- Exercise requirements
Write the data out again exactly, dropping any images it holds.

- Stored data entries
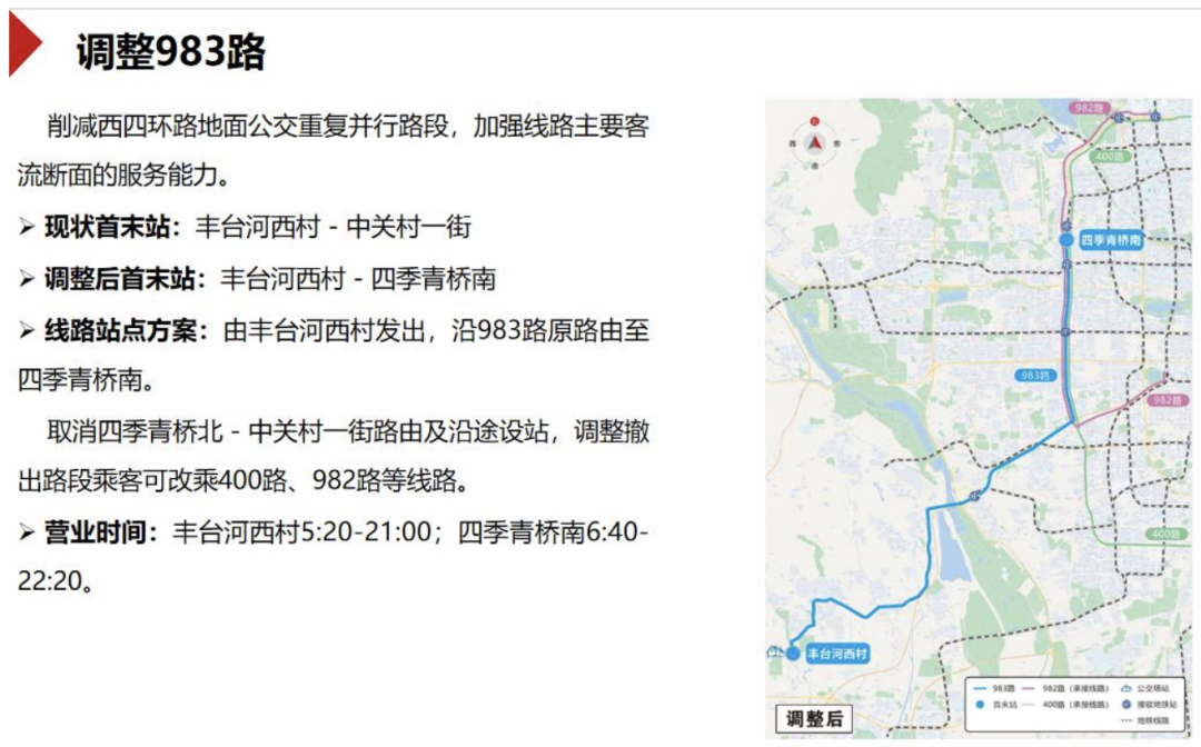 拟调整983路,削减西四环路地面公交重复并行路段,加强线路主要客流断面的服务能力。线路由丰台河西村发出,沿983路原路线至四季青桥南。取消四季青桥北-中关村一街路由及沿途设站,调整撤出路段乘客可改乘400路、982路等线路。
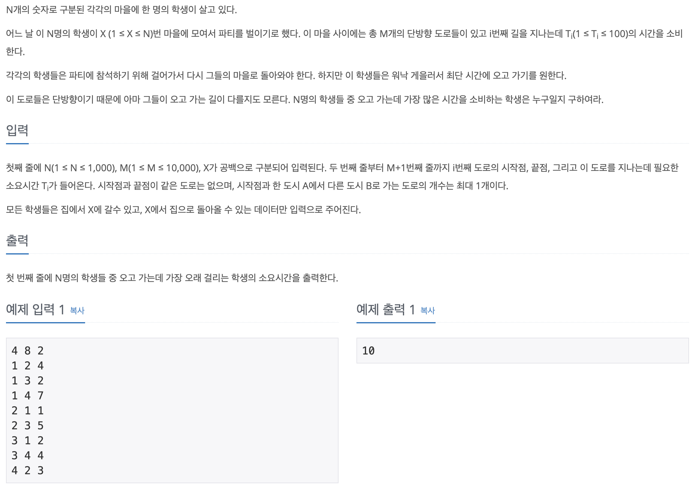 다익스트라 알고리즘의 기본 유형에 해당하는 문제이다.
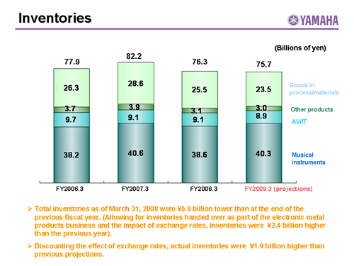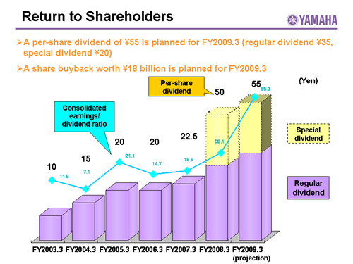 In this report, the divs forecast for the Company's future performance have been calculated on the basis of information currently available to Yamaha and the Yamaha Group. Forecasts are, therefore, subject to risks and uncertainties. Accordingly, actual performance may differ greatly from our predictions depending on changes in operating and economic conditions, demand trends, and the value of key currencies, such as the U.S. dollar and the euro.
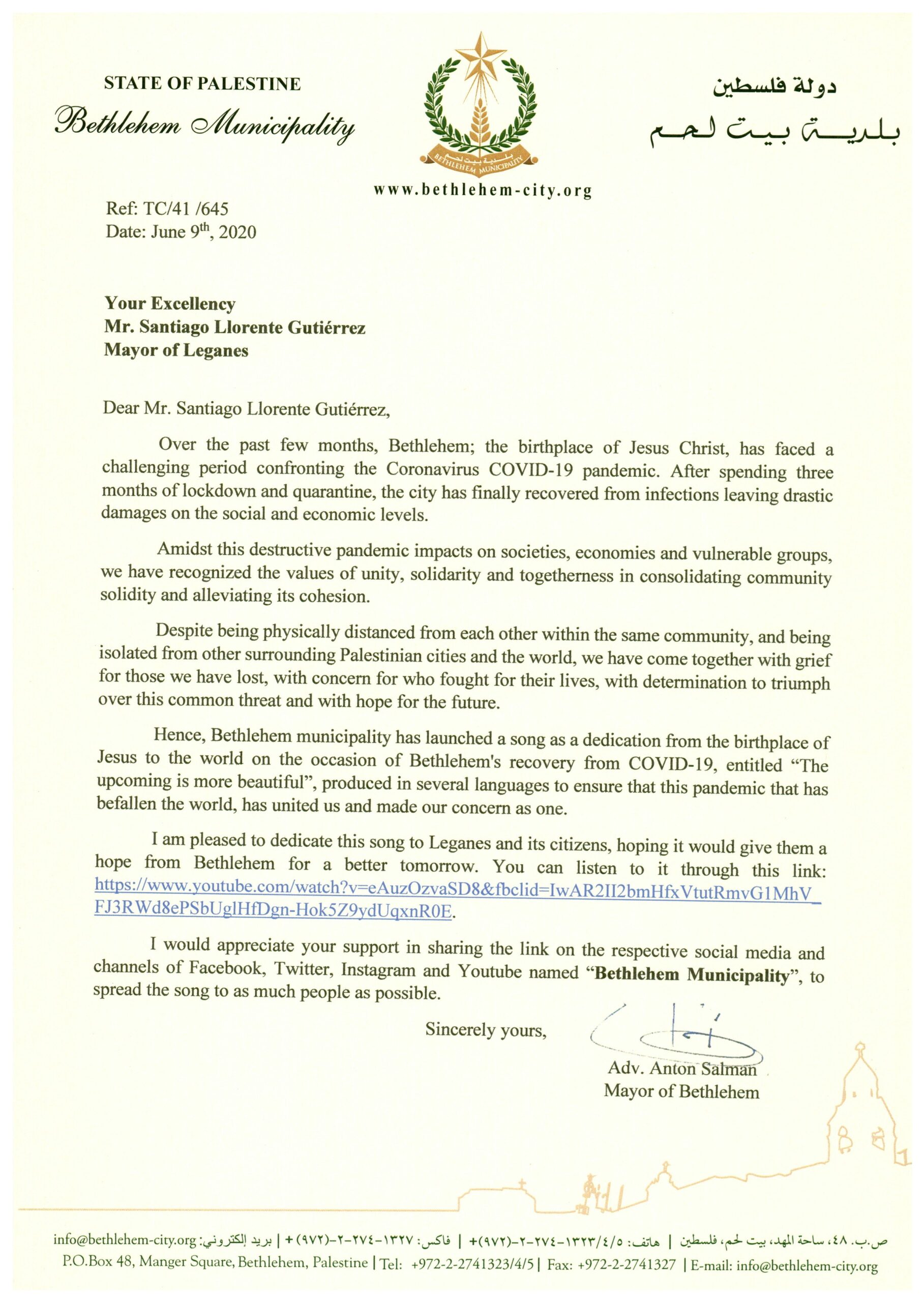 El Ayuntamiento de Leganés ha recibido durante estas semanas cartas de los alcaldes de Macará (Ecuador) y Egaleo (Grecia) y una iniciativa muy singular por parte de la ciudad palestina de Belén. Anton Salman, alcalde de Belén, ha enviado una misiva a Santiago Llorente en la que nos presenta una canción que han compuesto los ciudadanos de Belén trasladando su apoyo en estos difíciles momentos y que puede escucharse en las redes sociales del Ayuntamiento de Belén (Twitter, Facebook e Instagram) y en el Canal de Youtube del consistorio de ‘Bethlehem Municipality’.
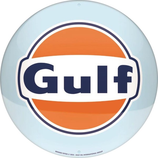 Geef je garage, mancave of bar een iconische race-uitstraling met dit ronde metalen GULF wandbord. Het herkenbare GULF-design is een klassieker in de motorsport en vormt een echte blikvanger aan de muur.
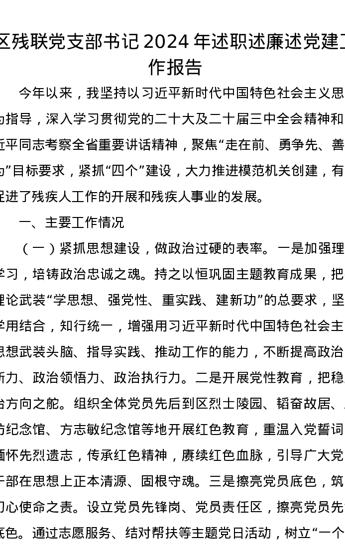 区残联党支部书记2024年述职述廉述党建工作报告

- Task answer
 拟调整983路,削减西四环路地面公交重复并行路段,加强线路主要客流断面的服务能力。线路由丰台河西村发出,沿983路原路线至四季青桥南。取消四季青桥北-中关村一街路由及沿途设站,调整撤出路段乘客可改乘400路、982路等线路。
 다익스트라 알고리즘의 기본 유형에 해당하는 문제이다.
 In this report, the divs forecast for the Company's future performance have been calculated on the basis of information currently available to Yamaha and the Yamaha Group. Forecasts are, therefore, subject to risks and uncertainties. Accordingly, actual performance may differ greatly from our predictions depending on changes in operating and economic conditions, demand trends, and the value of key currencies, such as the U.S. dollar and the euro.
 El Ayuntamiento de Leganés ha recibido durante estas semanas cartas de los alcaldes de Macará (Ecuador) y Egaleo (Grecia) y una iniciativa muy singular por parte de la ciudad palestina de Belén. Anton Salman, alcalde de Belén, ha enviado una misiva a Santiago Llorente en la que nos presenta una canción que han compuesto los ciudadanos de Belén trasladando su apoyo en estos difíciles momentos y que puede escucharse en las redes sociales del Ayuntamiento de Belén (Twitter, Facebook e Instagram) y en el Canal de Youtube del consistorio de ‘Bethlehem Municipality’.
 Geef je garage, mancave of bar een iconische race-uitstraling met dit ronde metalen GULF wandbord. Het herkenbare GULF-design is een klassieker in de motorsport en vormt een echte blikvanger aan de muur.
 区残联党支部书记2024年述职述廉述党建工作报告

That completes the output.